I wouldn’t call myself a fashion guru, but I do like to keep up to date with what’s “in” and what’s “out”, having a disability has created a barrier between what I would like to wear and what I have the confidence and ability to wear.
I can’t think of an exact point where this came about but, for example, when I was younger I used to wear piniffers to school, shorts and dresses and didn’t have any hang ups about what it looked like. Looking back now, I definitely lost so much confidence and this showed through my dress code.
I have always had to dress from the shoes upwards, getting shoes to fit my splints has always been a nightmare so my outfits always depend on what I can wear on my feet.
I went through a stage in my life for about 5 years where dusk til dawn i wore Ugg boots, come rain or shine. No exceptions! No matter what I was doing or where i was going they were a big pile of fake sheep fur i could hide behind.
For a while I had my ‘disco boots’ which I would wear for an hour or so in the club. I used to fall over a lot it in them.
Leaving shoes by the by for a second, there are also certain styles that having a disability means they are really impractical for me. Take the average “work shirt”, it would take me about 45 minutes to button it up – ain’t nobody got time for that! Also there are so many “cute tops” that have a button on the back of the neck or a zip up the side that just not doable for my good self.
Fashion and trends have developed a lot in my lifetime so far, so there are lots more options for jeggings and elasticated (non grandma/non pregnancy) trousers but for a long time it was difficult to get fashionable trousers without a button or a zip.
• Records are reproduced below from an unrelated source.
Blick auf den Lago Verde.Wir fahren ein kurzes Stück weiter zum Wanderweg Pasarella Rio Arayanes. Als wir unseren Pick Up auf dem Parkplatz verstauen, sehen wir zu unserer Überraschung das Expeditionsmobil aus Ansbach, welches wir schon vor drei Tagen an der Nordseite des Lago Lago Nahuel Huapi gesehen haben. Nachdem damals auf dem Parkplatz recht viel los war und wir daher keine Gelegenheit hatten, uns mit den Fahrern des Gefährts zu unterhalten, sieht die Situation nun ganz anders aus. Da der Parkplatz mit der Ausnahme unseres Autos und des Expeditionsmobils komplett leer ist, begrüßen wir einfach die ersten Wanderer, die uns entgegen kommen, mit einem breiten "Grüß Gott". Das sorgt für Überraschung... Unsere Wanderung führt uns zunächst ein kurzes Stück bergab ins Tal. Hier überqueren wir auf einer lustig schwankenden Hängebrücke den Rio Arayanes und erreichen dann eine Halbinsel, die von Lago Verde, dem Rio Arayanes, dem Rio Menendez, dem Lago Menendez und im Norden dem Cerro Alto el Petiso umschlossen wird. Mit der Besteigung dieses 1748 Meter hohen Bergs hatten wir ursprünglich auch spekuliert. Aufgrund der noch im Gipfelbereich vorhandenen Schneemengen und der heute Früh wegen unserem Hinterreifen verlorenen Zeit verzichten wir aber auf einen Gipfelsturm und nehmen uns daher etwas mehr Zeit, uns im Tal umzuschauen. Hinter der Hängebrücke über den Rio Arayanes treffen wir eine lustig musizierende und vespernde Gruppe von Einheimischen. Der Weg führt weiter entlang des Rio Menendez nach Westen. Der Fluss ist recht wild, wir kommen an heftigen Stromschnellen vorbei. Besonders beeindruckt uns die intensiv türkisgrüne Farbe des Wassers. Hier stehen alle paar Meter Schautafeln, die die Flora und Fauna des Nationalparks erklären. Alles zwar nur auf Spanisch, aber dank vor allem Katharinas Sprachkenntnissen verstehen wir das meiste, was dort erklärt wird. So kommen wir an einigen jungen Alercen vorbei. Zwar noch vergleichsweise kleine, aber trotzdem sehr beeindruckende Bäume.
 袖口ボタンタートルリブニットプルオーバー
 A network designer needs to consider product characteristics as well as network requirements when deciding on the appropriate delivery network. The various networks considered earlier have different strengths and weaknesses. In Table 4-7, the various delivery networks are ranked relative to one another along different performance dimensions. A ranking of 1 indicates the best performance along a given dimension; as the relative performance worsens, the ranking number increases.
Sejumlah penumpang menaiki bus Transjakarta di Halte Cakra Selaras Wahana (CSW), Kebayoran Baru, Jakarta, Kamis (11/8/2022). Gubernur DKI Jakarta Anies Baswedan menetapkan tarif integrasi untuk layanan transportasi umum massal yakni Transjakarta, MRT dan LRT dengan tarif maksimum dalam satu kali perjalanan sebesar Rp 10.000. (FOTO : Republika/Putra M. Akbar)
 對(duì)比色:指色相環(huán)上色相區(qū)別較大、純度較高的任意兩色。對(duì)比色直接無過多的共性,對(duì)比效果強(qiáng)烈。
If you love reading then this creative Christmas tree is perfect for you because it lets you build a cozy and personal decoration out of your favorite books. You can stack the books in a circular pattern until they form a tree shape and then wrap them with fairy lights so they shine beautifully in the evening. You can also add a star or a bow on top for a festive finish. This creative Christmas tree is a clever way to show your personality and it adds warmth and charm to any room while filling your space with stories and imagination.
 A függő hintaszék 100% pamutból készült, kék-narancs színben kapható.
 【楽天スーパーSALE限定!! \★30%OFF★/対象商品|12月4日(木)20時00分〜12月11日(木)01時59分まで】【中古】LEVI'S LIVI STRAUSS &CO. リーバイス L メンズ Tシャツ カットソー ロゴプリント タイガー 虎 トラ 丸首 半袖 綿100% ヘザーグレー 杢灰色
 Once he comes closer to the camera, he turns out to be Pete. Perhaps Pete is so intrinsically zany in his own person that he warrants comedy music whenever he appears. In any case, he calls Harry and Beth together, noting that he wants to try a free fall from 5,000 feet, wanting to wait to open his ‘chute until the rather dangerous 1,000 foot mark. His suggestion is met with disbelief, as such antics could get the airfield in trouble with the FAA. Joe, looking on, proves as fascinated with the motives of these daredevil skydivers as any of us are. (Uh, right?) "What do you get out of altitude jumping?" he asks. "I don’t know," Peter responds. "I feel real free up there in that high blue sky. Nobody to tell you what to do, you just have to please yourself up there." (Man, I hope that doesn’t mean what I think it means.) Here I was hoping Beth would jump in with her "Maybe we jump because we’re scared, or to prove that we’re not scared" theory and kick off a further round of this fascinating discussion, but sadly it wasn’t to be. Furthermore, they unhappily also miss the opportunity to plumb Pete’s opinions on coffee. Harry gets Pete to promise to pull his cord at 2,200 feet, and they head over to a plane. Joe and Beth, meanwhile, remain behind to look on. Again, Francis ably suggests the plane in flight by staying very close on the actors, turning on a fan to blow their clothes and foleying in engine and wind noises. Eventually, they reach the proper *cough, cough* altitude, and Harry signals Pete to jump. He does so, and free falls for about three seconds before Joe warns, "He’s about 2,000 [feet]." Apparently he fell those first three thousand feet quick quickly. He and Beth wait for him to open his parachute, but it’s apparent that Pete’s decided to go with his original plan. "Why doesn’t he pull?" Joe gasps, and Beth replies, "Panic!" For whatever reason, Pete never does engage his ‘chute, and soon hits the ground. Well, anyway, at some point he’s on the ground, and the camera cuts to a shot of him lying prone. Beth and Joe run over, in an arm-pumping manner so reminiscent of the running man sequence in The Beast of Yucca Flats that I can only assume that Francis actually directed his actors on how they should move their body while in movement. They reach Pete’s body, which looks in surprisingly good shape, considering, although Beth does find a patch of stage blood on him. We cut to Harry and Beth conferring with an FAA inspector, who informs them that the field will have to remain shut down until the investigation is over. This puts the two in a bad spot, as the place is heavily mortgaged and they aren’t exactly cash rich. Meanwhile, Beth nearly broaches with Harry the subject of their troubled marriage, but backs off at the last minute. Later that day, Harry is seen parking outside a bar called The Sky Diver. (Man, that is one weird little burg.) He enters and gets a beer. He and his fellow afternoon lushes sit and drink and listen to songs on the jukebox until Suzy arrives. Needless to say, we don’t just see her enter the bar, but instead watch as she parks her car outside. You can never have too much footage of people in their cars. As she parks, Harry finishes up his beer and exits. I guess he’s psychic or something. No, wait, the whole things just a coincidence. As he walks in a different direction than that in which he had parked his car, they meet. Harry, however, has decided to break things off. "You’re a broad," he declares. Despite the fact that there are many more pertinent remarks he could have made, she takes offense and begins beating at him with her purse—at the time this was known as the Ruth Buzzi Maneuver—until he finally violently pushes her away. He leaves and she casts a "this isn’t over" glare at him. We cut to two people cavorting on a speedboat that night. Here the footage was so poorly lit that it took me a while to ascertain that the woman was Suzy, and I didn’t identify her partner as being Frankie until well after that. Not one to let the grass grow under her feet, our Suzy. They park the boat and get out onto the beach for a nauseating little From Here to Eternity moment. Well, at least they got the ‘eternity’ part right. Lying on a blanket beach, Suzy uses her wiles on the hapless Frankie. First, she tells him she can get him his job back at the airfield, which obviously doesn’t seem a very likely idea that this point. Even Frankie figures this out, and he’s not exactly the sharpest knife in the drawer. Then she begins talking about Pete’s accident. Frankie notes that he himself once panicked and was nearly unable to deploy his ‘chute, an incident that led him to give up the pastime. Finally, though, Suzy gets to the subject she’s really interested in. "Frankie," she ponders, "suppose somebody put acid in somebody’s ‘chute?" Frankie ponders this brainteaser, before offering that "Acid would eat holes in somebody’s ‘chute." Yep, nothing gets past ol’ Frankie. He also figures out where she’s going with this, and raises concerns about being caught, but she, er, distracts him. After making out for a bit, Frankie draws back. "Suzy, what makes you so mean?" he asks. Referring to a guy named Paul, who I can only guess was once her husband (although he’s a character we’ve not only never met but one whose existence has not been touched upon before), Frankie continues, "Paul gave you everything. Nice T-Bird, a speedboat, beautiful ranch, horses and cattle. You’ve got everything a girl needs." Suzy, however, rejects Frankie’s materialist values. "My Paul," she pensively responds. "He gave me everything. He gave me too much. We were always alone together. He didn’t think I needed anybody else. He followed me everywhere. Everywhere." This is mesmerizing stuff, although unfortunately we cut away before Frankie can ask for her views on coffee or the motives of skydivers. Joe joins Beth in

I can wear these types of clothes if I am going out or for a special occasion, either with my mates zipping or buttoning me up, worst case I’ll ask a stranger to help a gal out. In the ugg boot days I wouldn’t have had the self confidence to do that so they were off limits!
Speaking of confidence, when I was at uni I went through some crazy life journeys and made some incredible bonds. Not to gush too much over him, but the time I spent with my galpal Owen, I really can’t even put into words how much he did for my confidence. In my adult life I spent the majority of it in boots that covered half of my legs. He broke down the walls of pure fear of what other people would think and say about me because he has so much faith in me. Somehow he managed to change the way I think about myself in a 99% more positive way and unleashed a new generation of Lauz.
LEGGINZ AND A CROP TOPPPPPP
The focal point here is the Uggs were shed. And I’ve never looked back.
It was a huuuuuuge milestone for me to wear leggings and trousers that were tight against my splints, that showed the shape of my legs and what felt like walking bare.
I get that everyone has hang ups about their clothes and wishes they could wear things if they were taller, shorter, thinner, curvier or a baller. The point of this is not woe is me but to reflect on how much clothing and what’s available to wear can reflect how you feel.
Today I love not caring about what I wear, in a way where I like not matching and if I want to wear something that doesn’t look quite right with trainers then I’ll no longer choose not to wear it, but wear it and with a big middle finger to anyone who looks me up and down. Obv you know if you’ve been following for a little while that instead of hiding my splints or letting them dictate what I wear, I’ve just been letting them be. They’re not going away, so I’ll wear what I want and wear it with pride.